Gresh v. Wanamaker

Supreme Court of Pennsylvania
Gresh v. Wanamaker, 237 Pa. 13 (Pa. 1912)
84 A. 1108; 1912 Pa. LEXIS 883
Brown, Elkin, Fell, Potter, Stewart

Gresh v. Wanamaker

Opinion of the Court

Per Curiam,

This appeal is from an order entering judgment for the defendants, non obstante veredicto, in an action by the plaintiff to recover for injuries caused by the upsetting of her automobile, which at the time was driven by an employee of the defendants. The plaintiff’s automobile had been left by her because of a broken chain at Cain Station, some thirty-seven miles west of Philadelphia. On the morning of the accident, she telephoned John A. Bunn, a personal friend, who was the manager of the bureau of adjustment of accounts in the defendant’s store and requested him to send her a competent man to repair the automobile and to run it back to the city with her as a passenger. The request for a man to make repairs was complied with by the automobile department of the defendant’s store, the repairs were made and on the return to the city, the machine was upset and the plaintiff was injured. The ground of her action was that the defendants contracted to transport her in safety from Cain Station to Philadelphia, and that by reason of the negligence of their employee she was injured.

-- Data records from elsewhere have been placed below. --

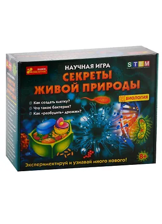 Осторожно. Этот набор с помощью науки биологии раскроет секреты живой природы. В нем есть все необходимые составляющие, чтобы провести ряд экспериментов, раскрывающих тайны и загадки. Можно сделать клетку, подготовить питательную среду для бактерий, увидеть, как растение пьет воду, даже разбудить дрожжи и еще много всего интересного. Набор содержит мастерклассы по биологии: Живая и неживая природа Животная и растительная клетка Из чего состоит клетка? Создаем клетку Что такое бактерия? Вредные и полезные бактерии? В какой среде растут бактерии? Что такое растение? Проращиваем фасоль Как растения пьют воду? Микроскопические грибы дрожжи и плесневые грибы Выращиваем плесневые грибы Польза и вр
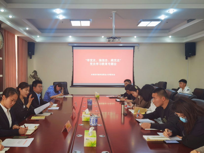 為認真貫徹習近平總書記在黨史學習教育動員大會上的重要講話精神,引領廣大黨員深入學習黨的歷史,深化青年厚植愛黨、愛國、愛社會主義的情感,4月29日,共青團河南科技職業(yè)大學委員會召開“學黨史、強信念、跟黨走"黨史學習教育專題會。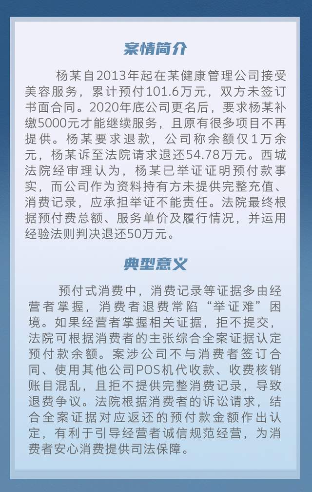 加强经营者和消费者权益保护,依法严惩生产销售伪劣产品等犯罪,“美容院预付卡退费案”破解消费者举证难维权困境,入选最高法院涉预付式消费典型案例。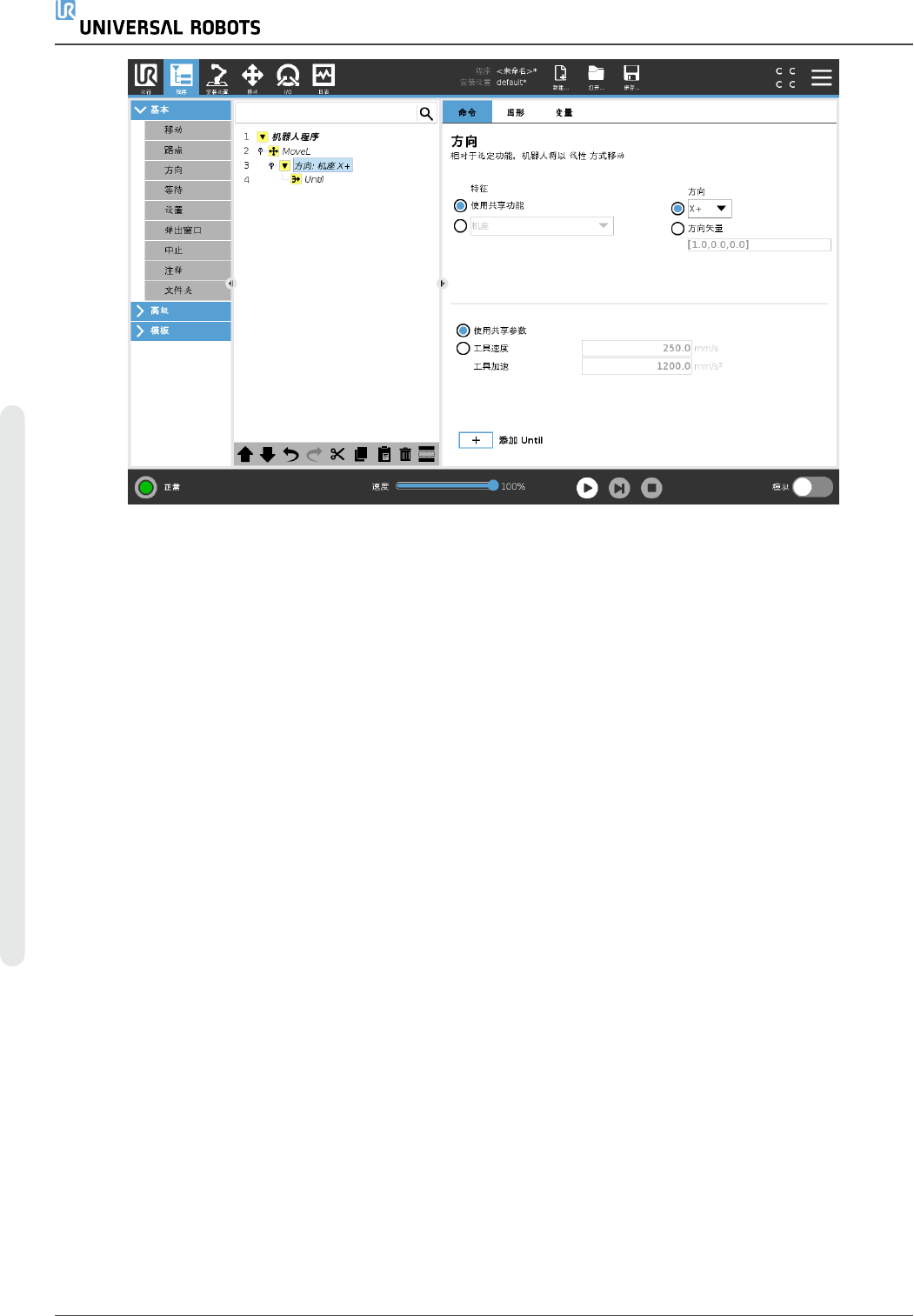 添 加 方 向 移 动 1. 在 “ 基 本 ” 下 , 点 按 方 向 , 向 程 序 树 中 添 加 一 个 线 性 移 动 。 2. 在 方 向 字 段 中 的 “ 特 征 ” 下 , 定 义 线 性 移 动 。 停 止 方 向 移 动 1. 在 “ 方 向 ” 字 段 中 , 点 按 添 加 U nti l 按 钮 , 以 定 义 停 止 条 件 并 将 其 添 加 到 程 序 树 。 您 可 为 工 具 速 度 和 工 具 加…
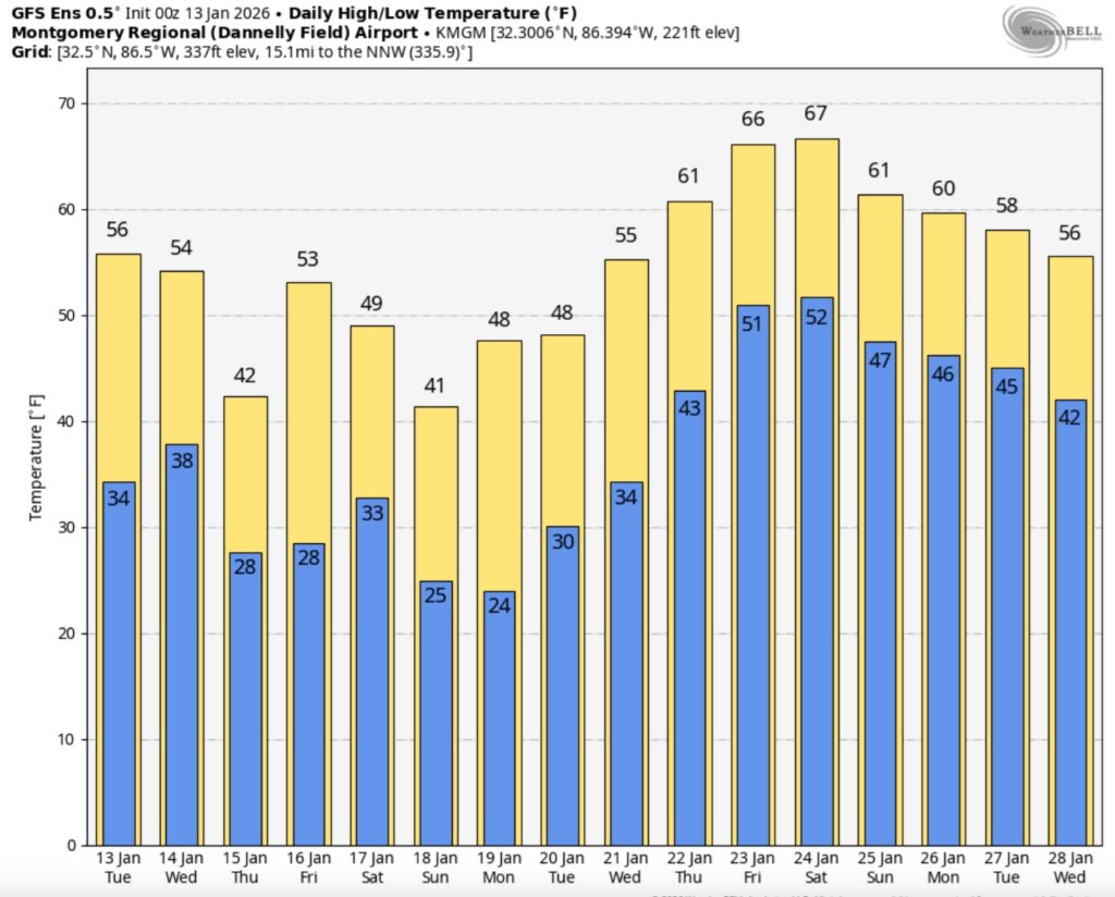Good Morning! It’s a very cold forecast starting with some brutal uncomfortable morning wind chill with low teens in many spots. Today will be a raw winter’s day. Wind chill will be a big factor. A few showers could pop up late Friday night ahead of another cold front. Widely scattered showers possible. Then, yet another front and potential low pressure development in the Gulf could cause some interesting possibilities pre-dawn Sunday. Could rain mix with some snowflakes over the SE third of the state? Maybe. Probably not. The main point is there would be NO ACCUMULATIONS. The main story over the next several days will be repeated Arctic Incursions with Cold days and Brutally Cold nights. As you’ll see on the 16 day EURO trend, more reasonable temperatures will return by late month. Hang on. Here’s my brief video forecast discussion.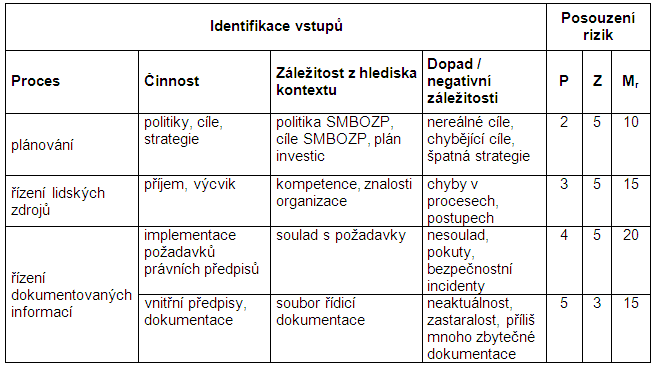 Pozn.: Na rozdíl od ISO 9001:2015, která sice rovněž požadavek na určování rizik obsahuje, ale v jejím obdobném čl. 6.1.1 není stanovena povinnost dokumentovaných informací, v rámci SMBOZP (stejně jako v EMS) je dokumentace týkající se rizik a příležitostí povinná.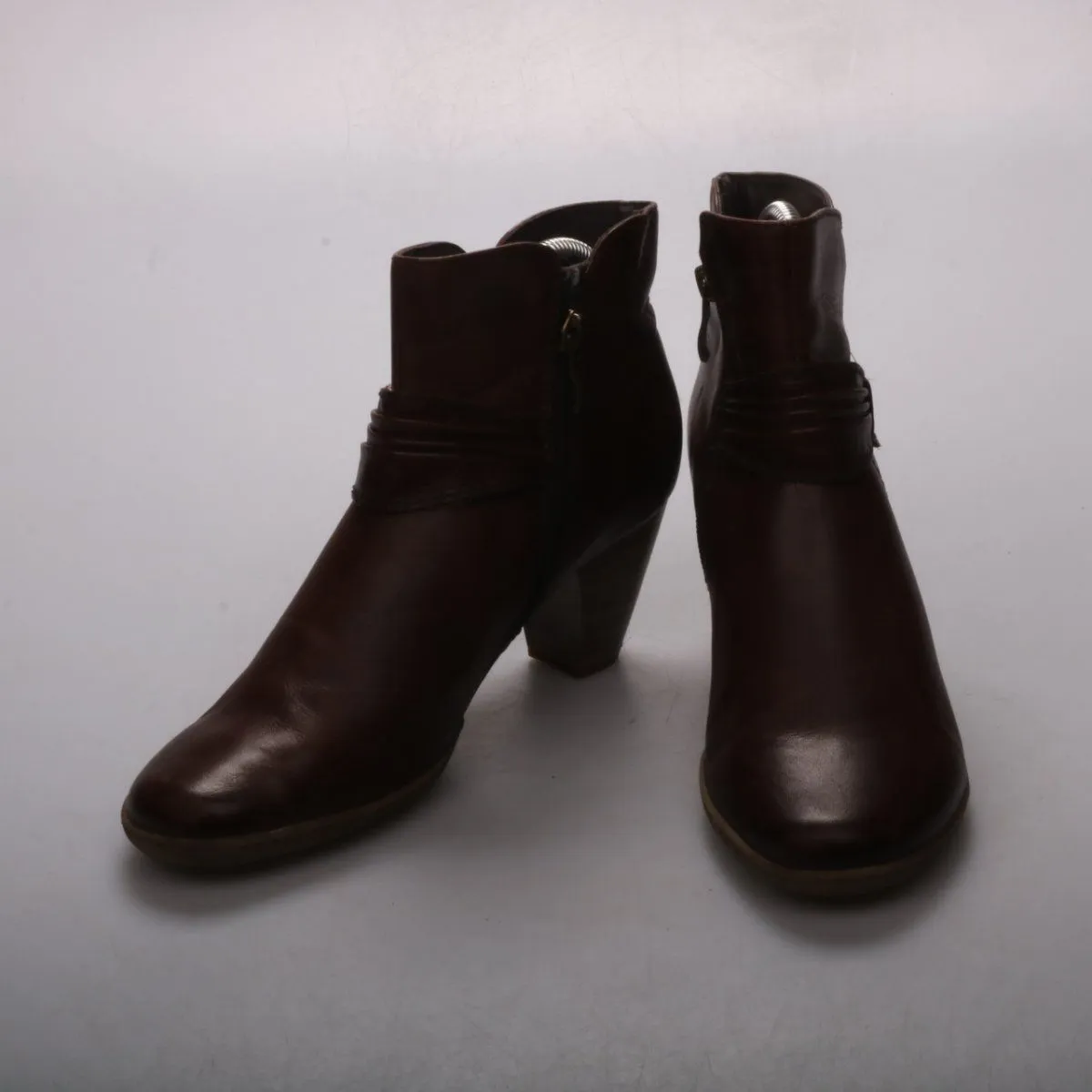 Женские ботильоны из тёмно-коричневой гладкой кожи на устойчивом каблуке, с боковой молнией и декоративным ремешком вокруг щиколотки. Подойдут для повседневной носки в городе в прохладную погоду весной и осенью. Рельефная подошва даёт более уверенное сцепление на улице.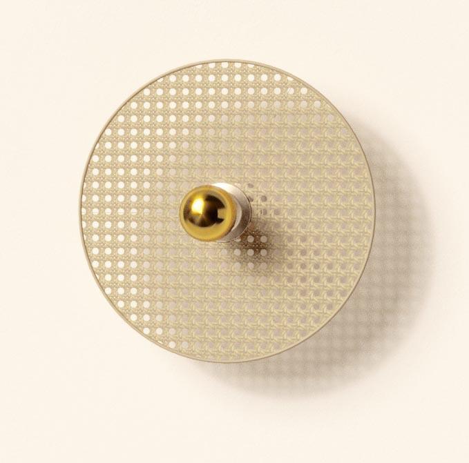 Настенное бра, выполненное из мателла и ротанга в современном стиле. Состоит из металлического фиттинга размером 5 см белого цвета и рассеивающего диска из ротанга 30 см в натуральном цвете.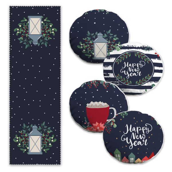 Lacivert Zeminli Happy New Year Tasarımlı Dijital Baskılı 4 Yuvarlak Kırlent 1 Runner Seti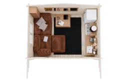 Этот домик, разработан специально для того, чтобы создать дополнительное пространство для жизни. При размере 2,7×3,6 м его площадь составляет 9,9 м² уюта, сопровождаемого ароматом древесины. Дом выполнен из качественных материалов, что обеспечивает его долговечность и надежность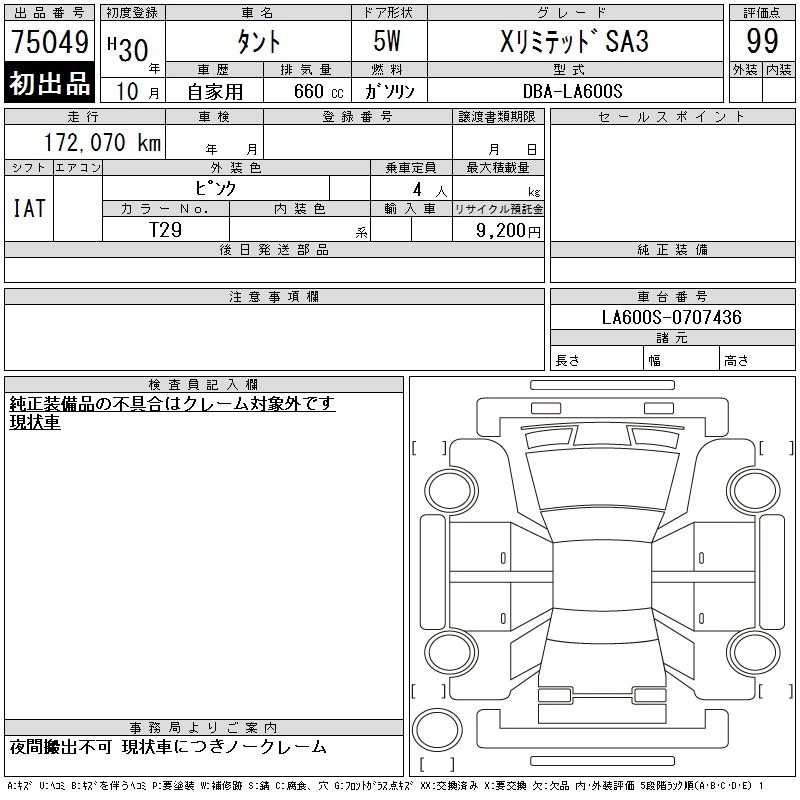 Статус выставлен на аукцион Лот 75049 Аукцион CAA Chubu Дата аукциона 28.01.2026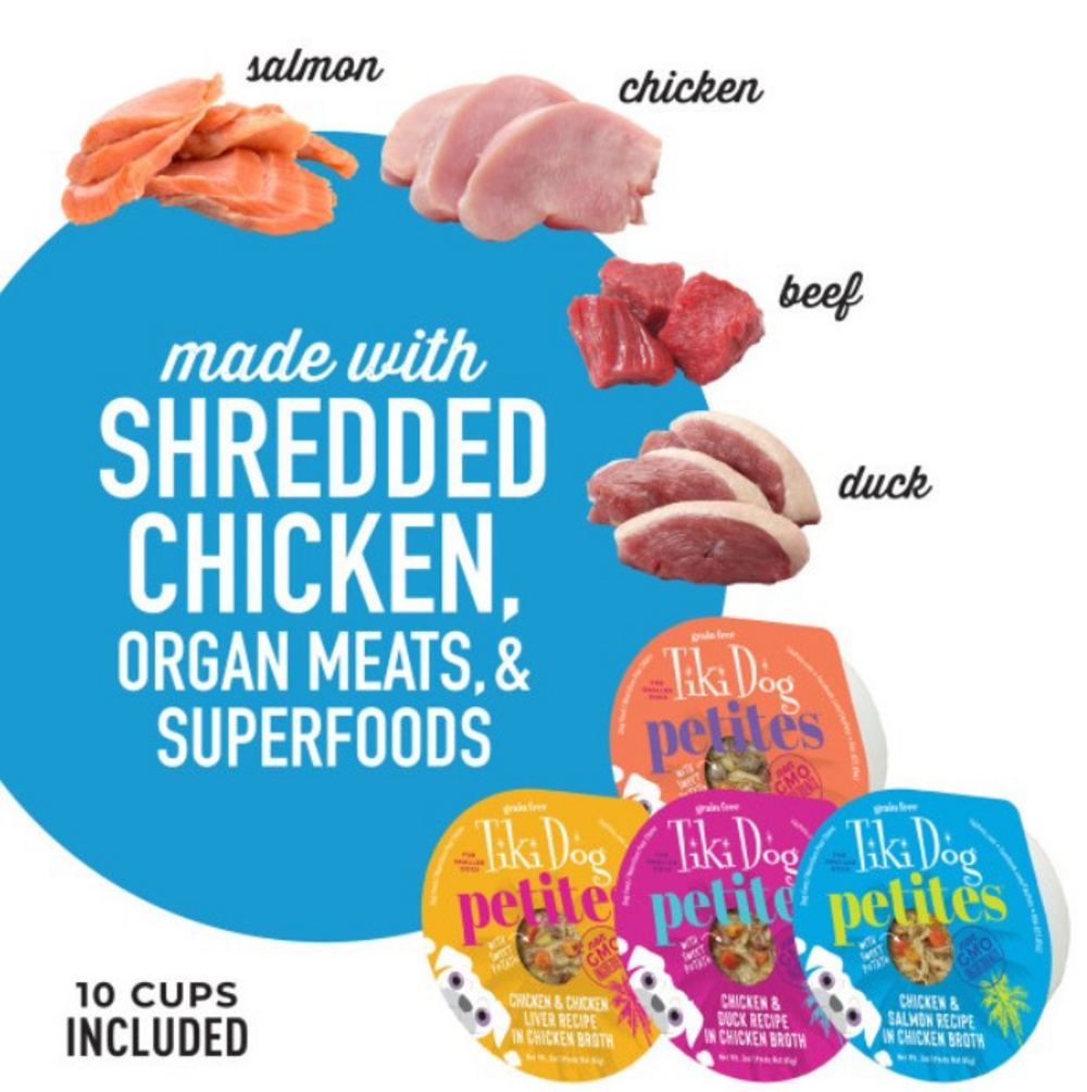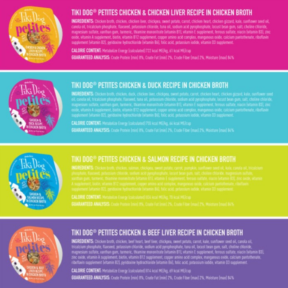 Tiki Dog Aloha Petites Wet Dog Food is hearty meals with tender shredded chicken flaked fish and nutritious vegetables in a savory broth. Pure bliss with every bite.REAL INGREDIENTS, REAL MEAT – High-quality chicken, Sardine and nutrient-dense organ meat.

The defendants maintained, in connection with their general business as retail merchants, ¿ department for selling and repairing automobiles and they sent men out to bring in automobiles to be repaired and to de*15liver them when repaired, but they did not undertake to carry persons as passengers. With this department Mr. Bunn had no connection whatever, and there was no ground for the implication of authority in him to do anything in connection therewith. Giving to the plaintiff’s testimony the greatest force that can be claimed for it, she did not show that either Mr. Bunn or the manager of the automobile department had authority, real or apparent to contract to bring her back to the city nor that the latter made or was requested to make such a contract.

The judgment is affirmed.

Reference

Status
Published
Syllabus
Negligence — Principal and agent — Authority of agent — Contractual duty — Burden of proof — Automobiles. In an action against tbe proprietors of a general store to recover for personal injuries caused by the upsetting of - an automobile which was driven by an employee of the defendants, binding instructions for the defendant are proper, where it appears that the defendants maintained in connection with their general retail business a department for selling and repairing automobiles and sent men out to bring in automobiles to be repaired and to deliver them when repaired, but did not undertake to carry persons as passengers; and that in response to a request of the plaintiff made to a personal friend employed in another department of the defendant’s store that he send her a competent man to repair her automobile, which was broken down, and to run it back to the city with her as passenger, the defendant’s automobile department sent a man who made the repairs and was running the car back when the accident occurred; but there is no testimony that the person with whom plaintiff dealt directly had any authority, in connection with the automobile department, or that the manager of that department had authority, real or apparent, to contract to bring her back, or that the latter made or was requested to make any such contract.